The output should be exactly the lines from the one containing "SE INCHIRIEAZA SAU" through the last line of the records, and only those.

Data provided Start Marker

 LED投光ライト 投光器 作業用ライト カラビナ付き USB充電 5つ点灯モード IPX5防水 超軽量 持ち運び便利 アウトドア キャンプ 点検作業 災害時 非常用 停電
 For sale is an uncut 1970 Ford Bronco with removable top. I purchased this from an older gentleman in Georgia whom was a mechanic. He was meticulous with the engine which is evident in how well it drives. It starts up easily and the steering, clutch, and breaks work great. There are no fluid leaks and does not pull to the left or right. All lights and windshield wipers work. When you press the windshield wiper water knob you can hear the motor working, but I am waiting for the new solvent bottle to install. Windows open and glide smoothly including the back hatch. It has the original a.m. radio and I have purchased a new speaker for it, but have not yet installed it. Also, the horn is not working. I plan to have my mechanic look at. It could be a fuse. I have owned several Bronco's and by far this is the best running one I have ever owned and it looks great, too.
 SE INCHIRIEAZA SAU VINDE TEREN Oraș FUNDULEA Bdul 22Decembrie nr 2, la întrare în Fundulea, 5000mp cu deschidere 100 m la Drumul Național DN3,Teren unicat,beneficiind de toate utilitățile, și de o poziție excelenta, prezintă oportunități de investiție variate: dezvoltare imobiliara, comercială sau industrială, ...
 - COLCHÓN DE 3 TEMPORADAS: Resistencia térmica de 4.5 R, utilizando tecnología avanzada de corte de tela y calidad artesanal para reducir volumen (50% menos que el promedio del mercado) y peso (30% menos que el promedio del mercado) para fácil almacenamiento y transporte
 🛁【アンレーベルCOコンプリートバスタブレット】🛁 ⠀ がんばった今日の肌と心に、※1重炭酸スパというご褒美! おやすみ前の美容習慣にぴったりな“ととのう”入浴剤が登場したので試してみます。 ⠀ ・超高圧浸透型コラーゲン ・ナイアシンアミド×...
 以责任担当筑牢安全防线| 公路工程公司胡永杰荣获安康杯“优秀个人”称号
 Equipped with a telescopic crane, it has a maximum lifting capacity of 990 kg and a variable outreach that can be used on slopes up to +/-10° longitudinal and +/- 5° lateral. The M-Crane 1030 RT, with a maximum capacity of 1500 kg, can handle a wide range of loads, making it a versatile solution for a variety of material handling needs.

Data provided End Marker

§ **Solution**:
 SE INCHIRIEAZA SAU VINDE TEREN Oraș FUNDULEA Bdul 22Decembrie nr 2, la întrare în Fundulea, 5000mp cu deschidere 100 m la Drumul Național DN3,Teren unicat,beneficiind de toate utilitățile, și de o poziție excelenta, prezintă oportunități de investiție variate: dezvoltare imobiliara, comercială sau industrială, ...
 - COLCHÓN DE 3 TEMPORADAS: Resistencia térmica de 4.5 R, utilizando tecnología avanzada de corte de tela y calidad artesanal para reducir volumen (50% menos que el promedio del mercado) y peso (30% menos que el promedio del mercado) para fácil almacenamiento y transporte
 🛁【アンレーベルCOコンプリートバスタブレット】🛁 ⠀ がんばった今日の肌と心に、※1重炭酸スパというご褒美! おやすみ前の美容習慣にぴったりな“ととのう”入浴剤が登場したので試してみます。 ⠀ ・超高圧浸透型コラーゲン ・ナイアシンアミド×...
 以责任担当筑牢安全防线| 公路工程公司胡永杰荣获安康杯“优秀个人”称号
 Equipped with a telescopic crane, it has a maximum lifting capacity of 990 kg and a variable outreach that can be used on slopes up to +/-10° longitudinal and +/- 5° lateral. The M-Crane 1030 RT, with a maximum capacity of 1500 kg, can handle a wide range of loads, making it a versatile solution for a variety of material handling needs.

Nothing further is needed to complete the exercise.